Support Questions

Find answers, ask questions, and share your expertise

Ambari lost heartbeat during restart

avatar
Rising Star

Hi,

I am trying to setup SSL between different HDP components. For that i need to modify some files i.e. hdfs-site.xml, core-site.xml etc. So i stopped HDFS, YARN, MAPREDUCE services from Ambari dashboard and made changes to these config files from ambari. When i am trying to restart services it is showing error and not able to restart. I checked Ambari-server logs and found below

22 Feb 2017 06:50:03,692 ERROR [ambari-heartbeat-processor-0] HeartbeatProcessor:554 - Operation failed - may be retried. Service component host: DATANODE, host: slave1 Action id 120-0 and Task id 961 22 Feb 2017 06:50:03,701 ERROR [ambari-heartbeat-processor-0] HeartbeatProcessor:554 - Operation failed - may be retried. Service component host: NAMENODE, host: master Action id 120-0 and Task id 958

22 Feb 2017 06:50:03,715 ERROR [ambari-heartbeat-processor-0] HeartbeatProcessor:554 - Operation failed - may be retried. Service component host: DATANODE, host: slave2 Action id 120-0 and Task id 959

My ambari-agents are running on all the nodes of the cluster(2 slave nodes and 1 namenode). I have no idea why it is not taking heartbeats.

Any help would be appreciated?

Thanks

Rahul

1 ACCEPTED SOLUTION

avatar
Master Mentor

@rahul gulati

Can you please double check if you have followed the steps as mentioned in the article in order to enable SSL for HDFS components ? https://community.hortonworks.com/articles/52875/enable-https-for-hdfs.html

AND

https://community.hortonworks.com/articles/52876/enable-https-for-yarn-and-mapreduce2.html

Also are you able to run service checks properly from ambari UI for HDFS?

View solution in original post

12 REPLIES 12

avatar
Master Mentor

@rahul gulati

Can you please double check if you have followed the steps as mentioned in the article in order to enable SSL for HDFS components ? https://community.hortonworks.com/articles/52875/enable-https-for-hdfs.html

AND

https://community.hortonworks.com/articles/52876/enable-https-for-yarn-and-mapreduce2.html

Also are you able to run service checks properly from ambari UI for HDFS?

avatar
Rising Star

@Jay SenSharma

I have followed below mentioned link to setup SSL for HDFS and Yarn.

http://getthekt.com/2016/02/securing-hadoop-cluster-part-1-ssltls-for-hdfs-and-yarn/

I assume this is almost same as the one you mentioned.

After that i stopped HDFS, Yarn, Mapreduce from Ambari.

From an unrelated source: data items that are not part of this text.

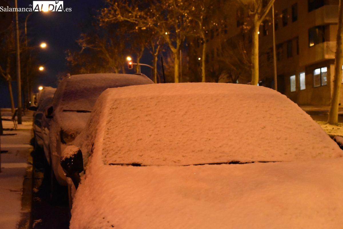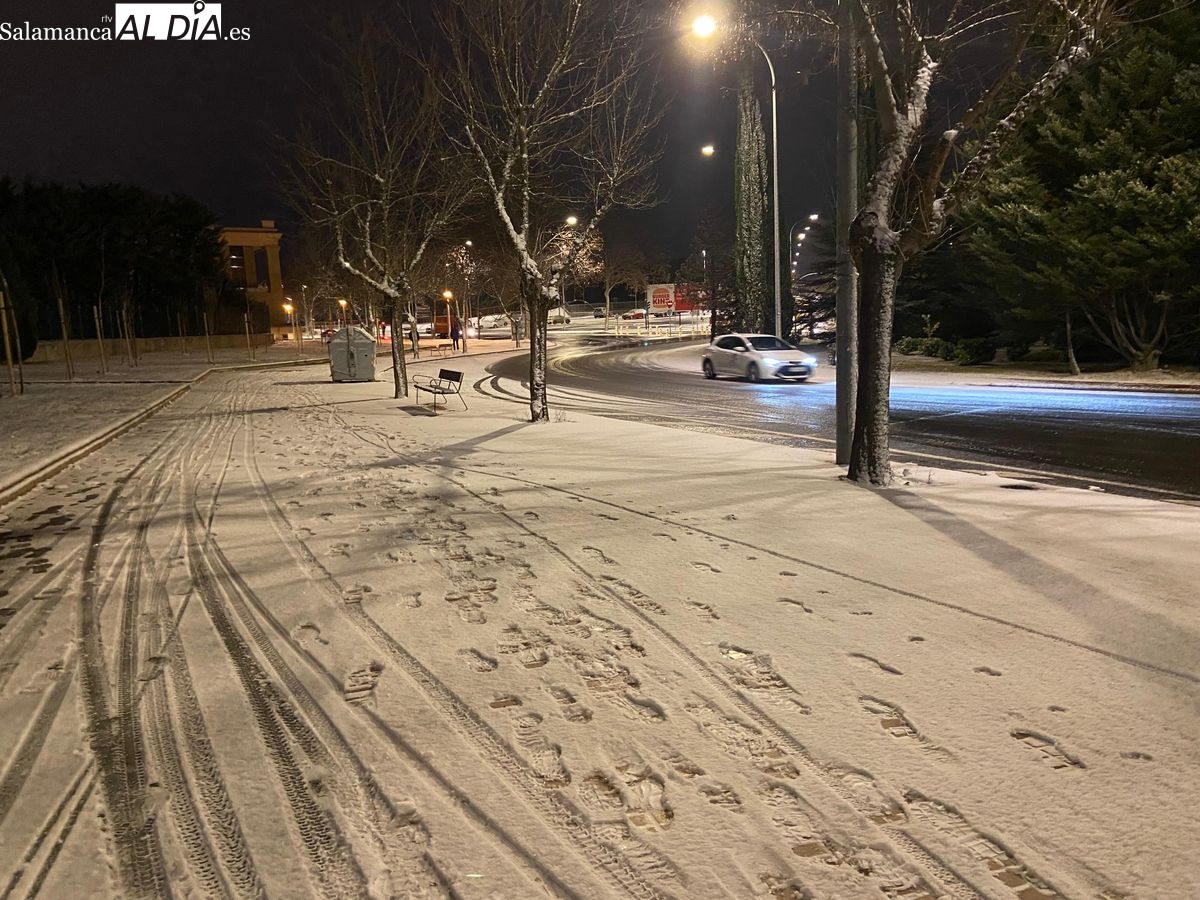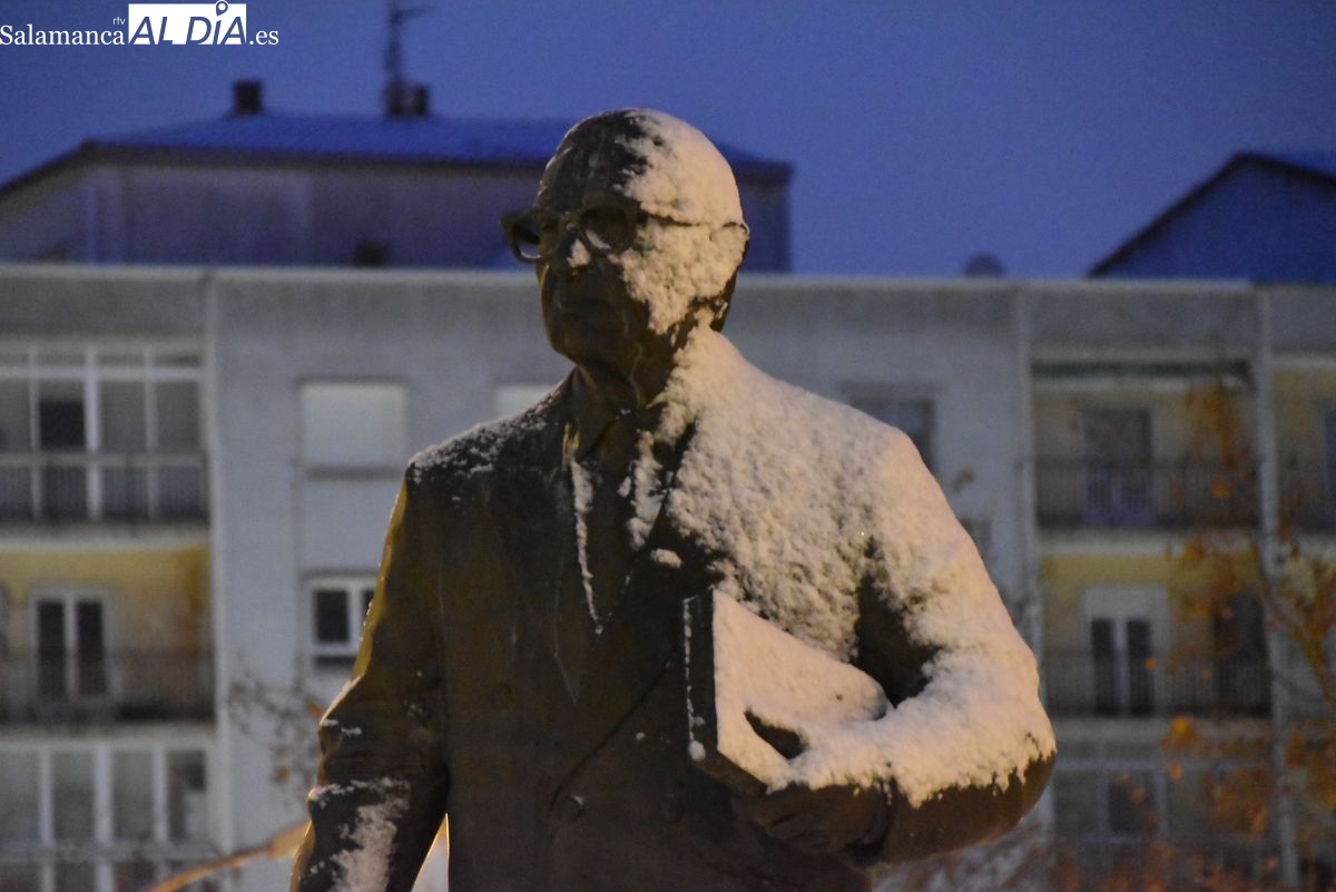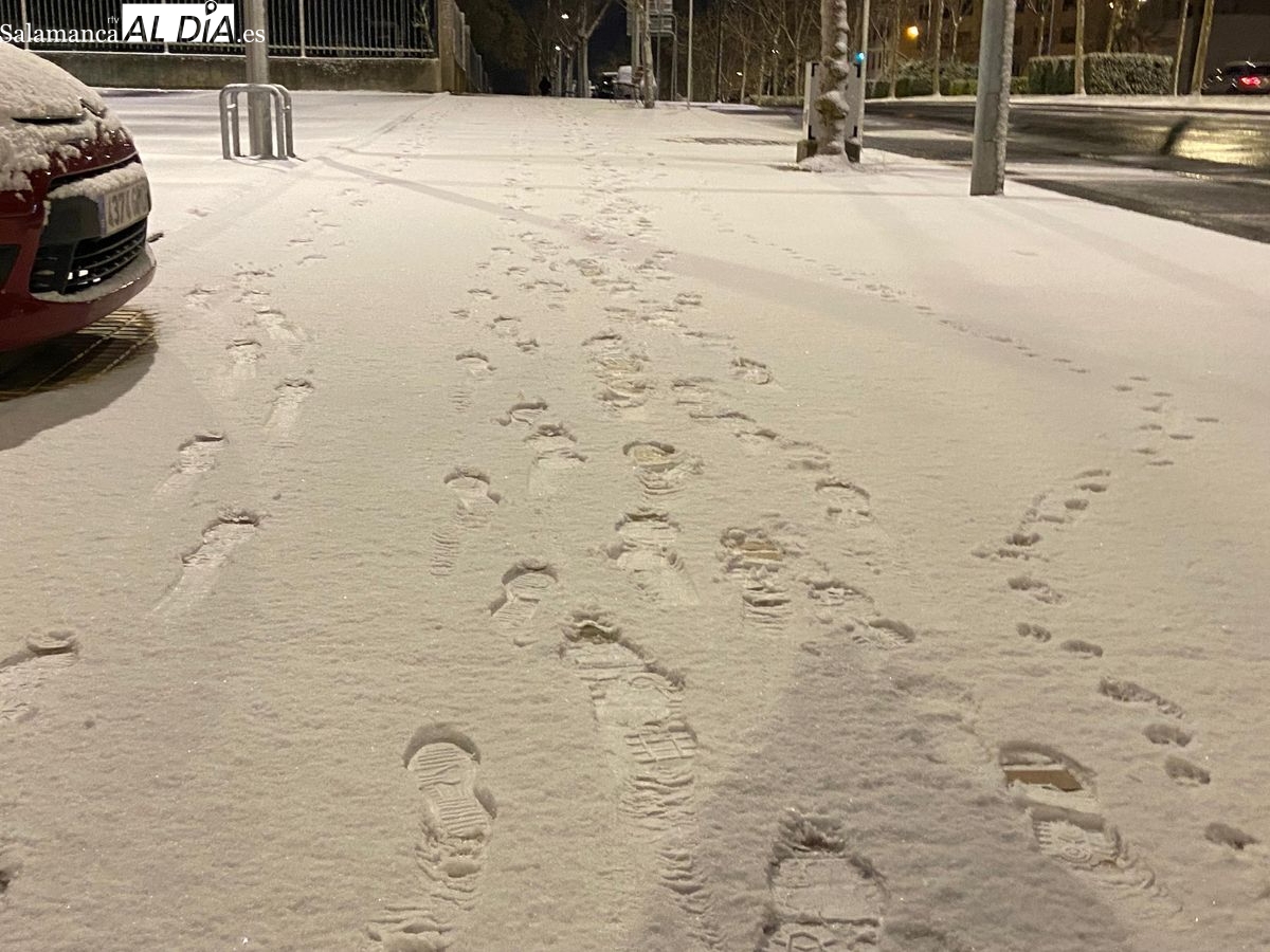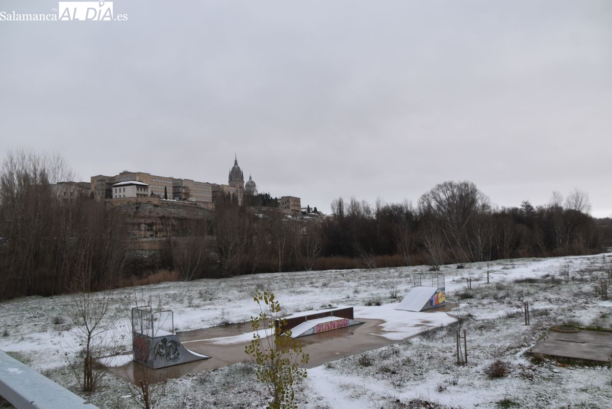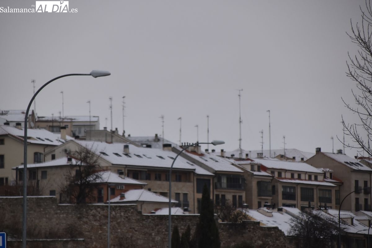 Los salmantinos se han encontrado esta mañana con bellas estampas en las calles y monumentos de la ciudad, que han quedado cubiertos por la nieve caída durante la madrugada de este miércoles, 7 de enero. El fenómeno meteorológico ha estado acompañado de un descenso notable de los termómetros, marcando una jornada rigurosamente invernal en la capital charra.
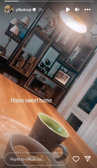 Ajo ka ndarë një foto ku shihet në shtëpinë e saj, teksa ka shkruara “e ëmbla shtëpi” e në tryezën e saj shihet një çaj me disa biskota, shkruan “Kosovarja”.
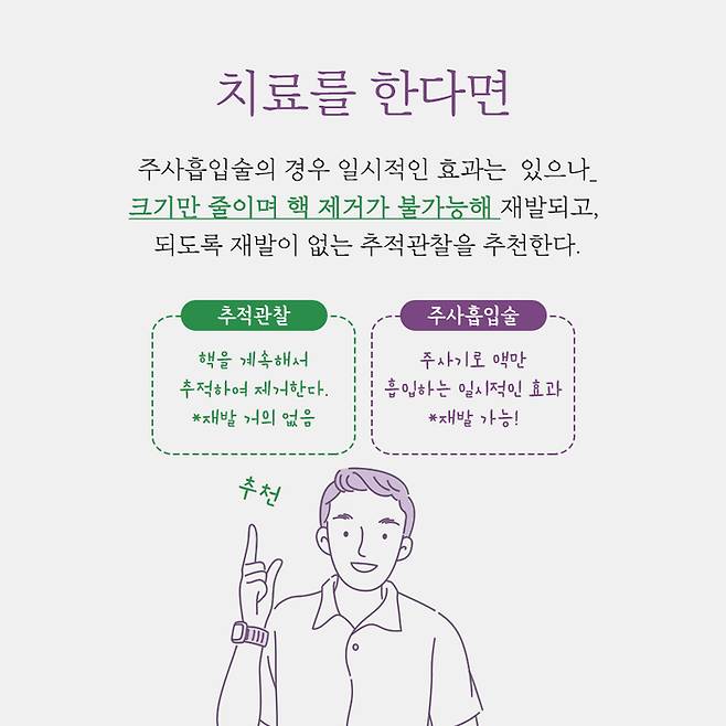 결절종의 치료방법으로는 추적관찰을 통한 수술과 주사흡입술 등이 있다.
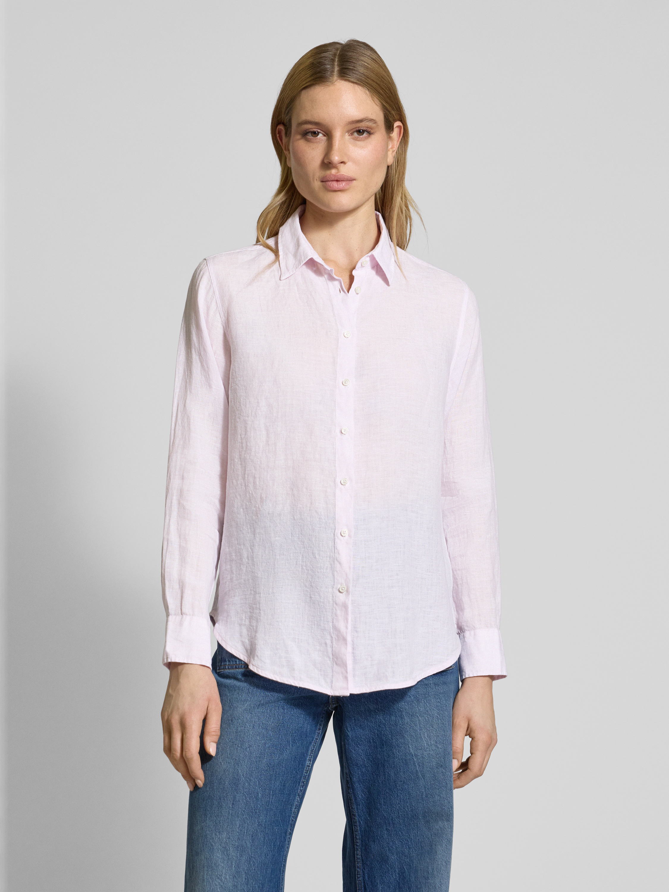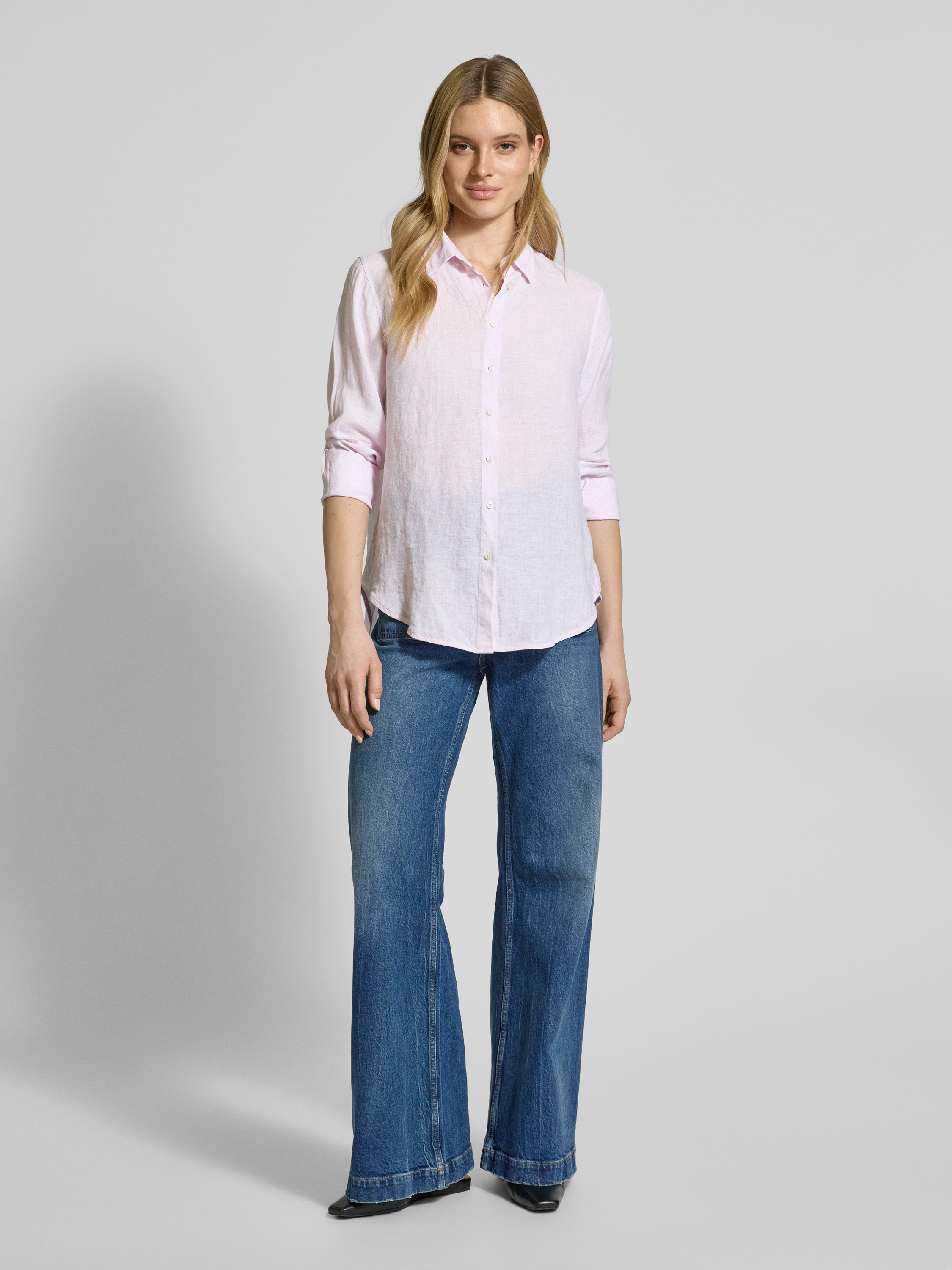 0039 ItalyRegular Fit Leinenhemdbluse mit durchgehender Knopfleiste in hellrosa
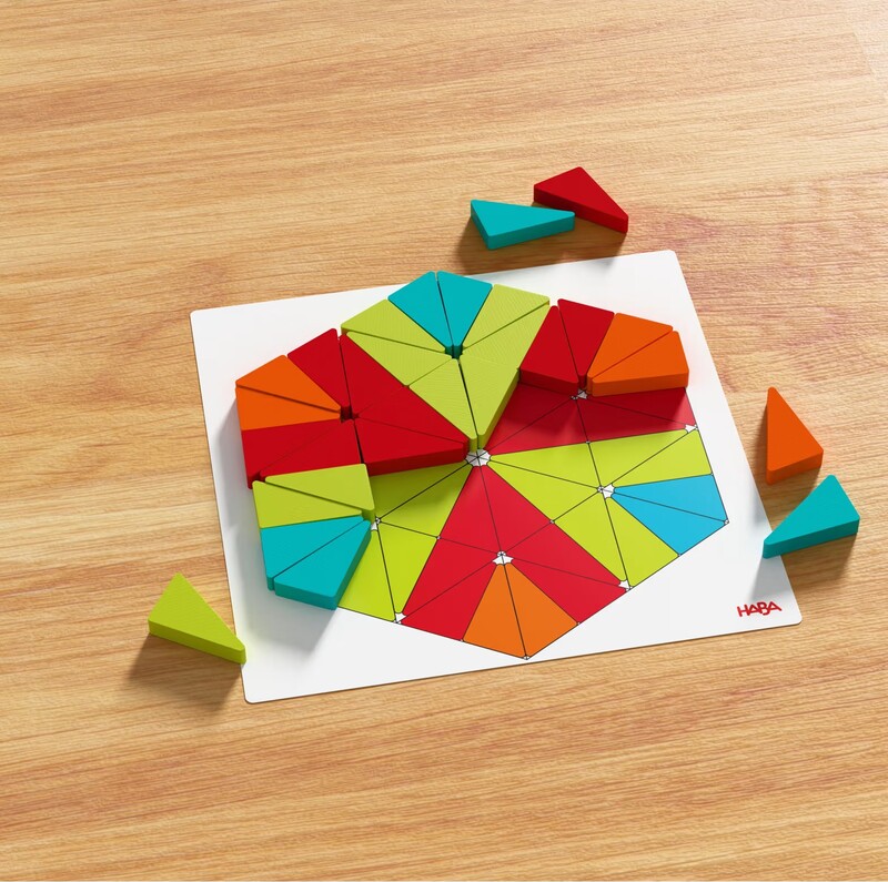 Geometrické vzory s trojúhelníky představují první zkušenost s geometrickým ukládáním vzorů pro děti.

And modified hdfs-site.xml, yarn-site.xml, mapred-site.xml from Ambari itself. But i have modified ssl-server.xml and ssl-client.xml from Namenode CLI at path

/etc/hadoop/conf. And i copied ssl files from master node to slave nodes at same path /etc/hadoop/conf.

And then i am trying to restart the HDFS and it is giving above error. I am unable to understand why heartbeats are stopped although ambari-agents are running on all nodes.(Slave1, Slave2 and Master)?

Please let me know if there is any issue with above mentioned steps.

I appreciate your help!!

Thanks

avatar
Rising Star

@Jay SenSharma

Got this error now. Dont know why it is looking for /etc/security/serverkeys/keystore.jks. Although i have already modified this property from ambari. One more thing. Since i have tried changing these properties from hadoop cli. Do you want me to modify them from Ambari dashboard. I think that might be the issue since it is looking at default location?

2017-02-22 08:04:40,697 ERROR namenode.NameNode (NameNode.java:main(1759)) - Failed to start namenode.
java.io.FileNotFoundException: /etc/security/serverKeys/keystore.jks (No such file or directory)

avatar
Rising Star

@Jay SenSharma

I am able to resolve the issue. Actually the problem was that i modified ssl-server.xml and ssl-client.xml from hadoop cli on namenode. Now i did it using Ambari. And provide the correct paths of keystore files and all my services are running. 🙂 Thanks for the help.

Just another thing how to test this SSL.

I am able to open NameNode UI at port 50470 and DataNode UI at 50475. But connection is still showing as insecure. Any reasons why?

Also Can we enable SSL for Ranger and Spark?

Thanks

avatar
Rising Star

@Jay SenSharma

Could you please anwser query mentioned above?

Thanks

avatar
Master Mentor

@rahul gulati

Regarding your query "You are able to open NameNode UI at port 50470 and DataNode UI at 50475. But connection is still showing as insecure."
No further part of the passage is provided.